Ok, ok - but why should I care now?
This is also a fair question. The trivial answer is that you have to care about CRQC sooner or later. So, why not now? According to a famous saying: "The best time to plant a tree was 20 years ago. The second-best time is now." To our advantage, we are still in the "20 years ago" part of the saying.
A more sophisticated reason is the so-called "harvest now, decrypt later" attack. As the name implies, an attacker may store encrypted documents or messages at this point. Even though the attacker does not have any means to decrypt the secret documents now, they will as soon as they have access to a CRQC.
Indeed, some sectors are more “vulnerable” to this kind of attack. Vulnerable might be the wrong word in this case, as it has more to do with the specific value of the data. Of course, a Quantum Attacker is still able to read the Signal message I wrote to my colleagues this morning, enclosing to them the secret message that our coffee stash is empty, but is it worth storing Signal messages with their respective key exchanges from some developer in a team chat for multiple years? Most likely not.
However, a nation state actor such as certain three-letter organizations might have attack targets where it could be quite feasible to store messages for ten to twenty years and still get value from them once a powerful enough quantum computer is built. Furthermore, this timeframe shrinks year by year, and it will become increasingly more attractive to store data for a few years to be able to decrypt it later. Other sectors such as the health industry also are dealing with highly sensitive and often long-term relevant data and should ensure that they are not hit unaware by advances in quantum computing.
So, cryptography is dead no matter what?
Luckily, it is not all doom and gloom for crypto. First, if you have read the post carefully, you may have noticed that I remained short of a description of a vulnerability in the actual encryption of the messages during our attack scenario on the blog post. I only wrote about attacks on the Signature/Authenticity and Key Agreement parts.
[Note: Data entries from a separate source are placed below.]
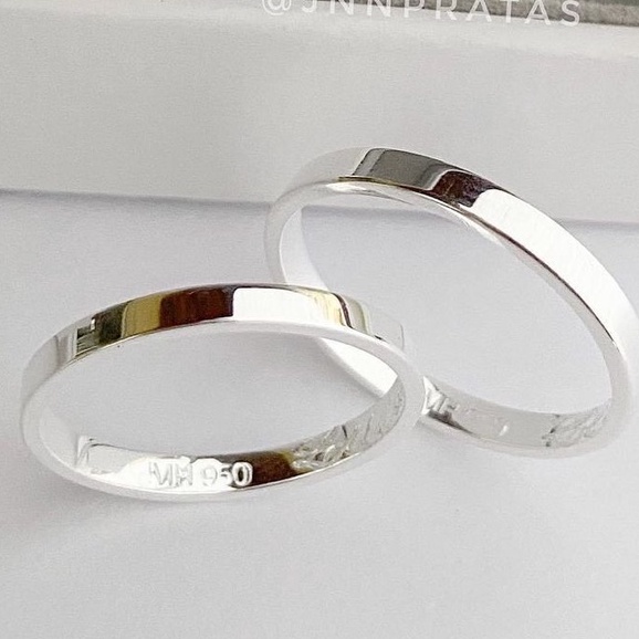 Par de aliança anel prata 2mm 950 925 fininha tradicional namoro compromisso com anel solitario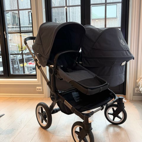 Bugaboo Donkey 5 Tvillingvogn i grønn farge. Vognen er designet for to barn med separate seter, hver med justerbare seler og kalesjer. Den har et robust understell med store hjul for god fremkommelighet. Kommer med 2 bagdeler og 2 sportsdeler, samt regntrekk og veske til håndtaket. Må hentes. Alltid oppbevart innendørs og ikke brukt i barnehage. Svært små riper på siden som vises på de to siste bildene, generelt veldig pent brukt!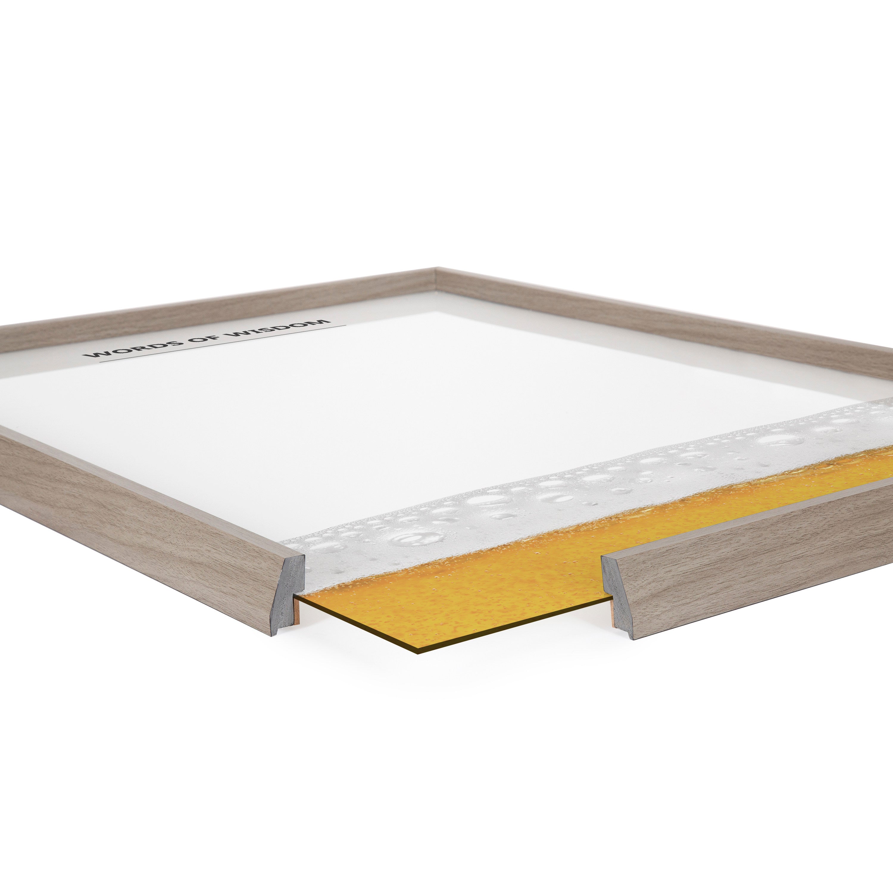 Come up with creative sayings and write down your favorite quotes on this dry-erase glass art that's perfect for your bar or entertaining area! . Printed and framed in the USA in Waunakee, Wisconsin, this framed floating glass art will be a pleasure to look at every day in your living room, bedroom, nursery, or any room in the home. It even doubles as a beautiful dry erase board! Traditional dry erase boards stain over time and become worn within a few uses, while you can use a glass dry-erase board over and over without wearing out. Just wipe clean with an eraser or damp cloth. This art print also makes an excellent gift for a birthday, holiday, or house-warming.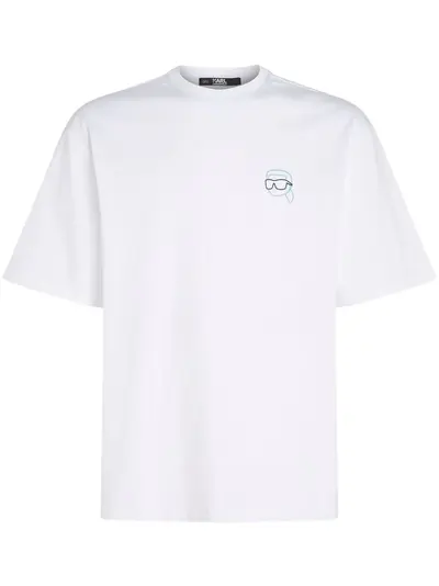 white organic cotton round neck short sleeves signature Mini Ikonik Karl applique logo print to the rear straight hem This item is made from at least 50% organic materials. Learn more about what makes a product Conscious on our Conscious Criteria page

The reason for this is that most symmetric cryptography (which is used to perform the actual encryption of data) is not vulnerable to Quantum Attackers. This is not strictly true because to have the same level of security, we must increase our key size (approximately doubling it). But to increase a 128-bit symmetric encryption key to a 196 or 256-bit key, using the same encryption algorithm is a trivial change by comparison. Only the Key Exchange/Agreement is vulnerable to Quantum Attackers.
But what about Key Agreements and Digital Signatures? They still are integral building blocks of multiple protocols such as TLS and cannot be replaced with just symmetric cryptography. This means we need replacements for those primitives, and this is where the area of Post-Quantum Cryptography (PQC) comes into play.
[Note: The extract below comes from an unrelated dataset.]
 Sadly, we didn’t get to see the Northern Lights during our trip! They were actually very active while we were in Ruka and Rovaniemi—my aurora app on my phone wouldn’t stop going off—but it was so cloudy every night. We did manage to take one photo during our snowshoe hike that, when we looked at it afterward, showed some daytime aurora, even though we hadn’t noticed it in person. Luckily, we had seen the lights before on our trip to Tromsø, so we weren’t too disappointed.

PQC are cryptographic primitives, algorithms that are not vulnerable to Quantum Attackers. As an important distinction, PQC algorithms do not require a quantum computer to execute and should run on our current devices. Another common name for these types of algorithms is “quantum-safe” or “quantum-resistant” algorithms. However, one major issue is that cryptographic algorithms are a very delicate building block and switching from our existing RSA- and DH-based algorithms to new ones requires an extraordinary amount of trust and confidence in the new PQC algorithms.
For that reason, the US National Institute for Standards and Technology (NIST) kickstarted the PQC standardization project in 2016. Our next blog post will dive into this NIST competition, its outcomes, potential candidates to replace currently used algorithms such as RSA and what we can expect for the future of PQC.
In the meantime, thanks for reading, and see you around!